SIR WILLIAM HARCOURT

What I said was that after the refusal to issue the Writ was determined by the House, the intimation that at the end of the Session the Writ would be issued was received with the concurrence of the other side.

MR. J. LOWTHER

said, that he entered his emphatic protest at the time against the unconstitutional doctrine founded by the Attorney General, under which he took upon himself, on his own fiat, to inflict a punishment upon a constituency contrary to all precedent, and in the teeth of what would be, under ordinary circumstances, the will of the House. The hon. and learned Gentleman stated that the course pursued was most inconvenient; but he (Mr. J. Lowther) reminded the House that when the Writ was moved for the Attorney General opposed it, and the Opposition urged that the Writ should issue unless the Government were prepared to ask Parliament to deal by means of Statute with the question. The hon. and learned Gentleman declined to introduce a Bill, or to do anything beyond suspending the Writ on his own fiat. It might not be the fact that the coincidence of finding a Liberal candidate was in any way connected with the mysterious decision of the Government in favour of the issuing of the Writ, as the hon. Member for Londonderry (Mr. Lewis) suggested; but it was quite clear that the practice ought not to be drawn into a precedent.

MR. WARTON

said, he would not use any hard words in respect to the Attorney General, because he had told them when the Writ should be allowed to issue—namely, at the end of the Session, and he had kept his word. But he wanted to call attention to the unconstitutional doctrine that the House had the power to punish by suspending a Writ. It was not the case of a Judge who had the power to inflict a penalty; it was the case of a wronged man acting as Judge. The Attorney General was not the person to regulate how long a constituency should be deprived of its Members. He (Mr. Warton) wished to call attention to the serious development of this principle. In 1881 the House passed an Act suspending the elections of a number of seats. All those cases were adjourned for consideration early in 1882. The Government had again done the same thing, and adjourned these cases by an Act, and the cases had therefore not been considered by Parliament.
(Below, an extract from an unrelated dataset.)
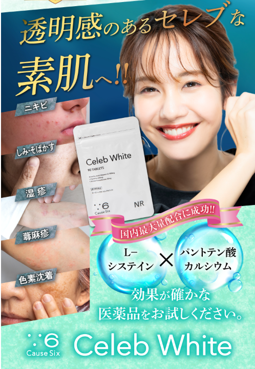 特徴と魅力 コーズシックス セレブホワイトは、L-システインとビタミンCを配合し、ニキビや肌荒れの改善をサポートする医薬品です。さらに、美白効果も期待でき、透明感のある肌を目指す方におすすめです。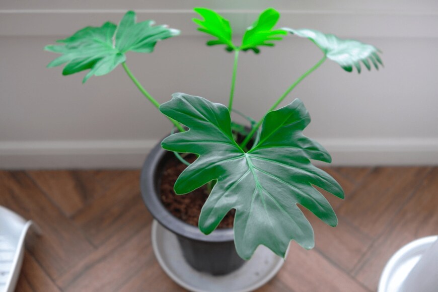 さまざまな品種のあるフィロデンドロンですが、なかでもセロームは切れ込みの入った葉がオシャレな観葉植物です。個性的なインテリアにもよく似合います。

How did the Government avoid their consideration—by putting forward the Corrupt Practices Bill, which might be a good Bill or it might not be; but certainly, by its enormous length and by its containing a great number of novelties, it was not likely to pass quietly through the House. The result was that some half-dozen places were all deprived of their Members. Delighted as he was to find that the unconstitutional doctrine that places could be deprived of their seats was abandoned, he was sorry to see another doctrine set forth by the Attorney General and the Home Secretary, following upon a suggestion of the hon. and learned Member for Launceston (Sir Hardinge Giffard), that the construction of the Act of Parliament did not render it imperative upon the House to issue a Writ. He (Mr. Warton) was not going to be a party to the House abandoning its Privileges. There was the case of a Commission issued in respect of the election at Northallerton, which was one of the purest elections that ever took place. These things were a lesson to the House to be cautious. The Government had not answered his question when they were going to fill up the other vacant seats? He supposed some other great Bill was to be brought forward. He protested, however, against the unconstitutional doctrine that the issue of a Commission would justify delay in issuing a Writ; at the same time, he was delighted that another unconstitutional doctrine had been abandoned.

Motion agreed to. Ordered, That Mr. Speaker do issue his Warrant to the Clerk of the Crown in Chancery to make out a new Writ for the Election of a Member to serve in this present Parliament for the borough of Wigan, in the room of Francis Sharp Powell, esquire, whose Election has been declared to be void.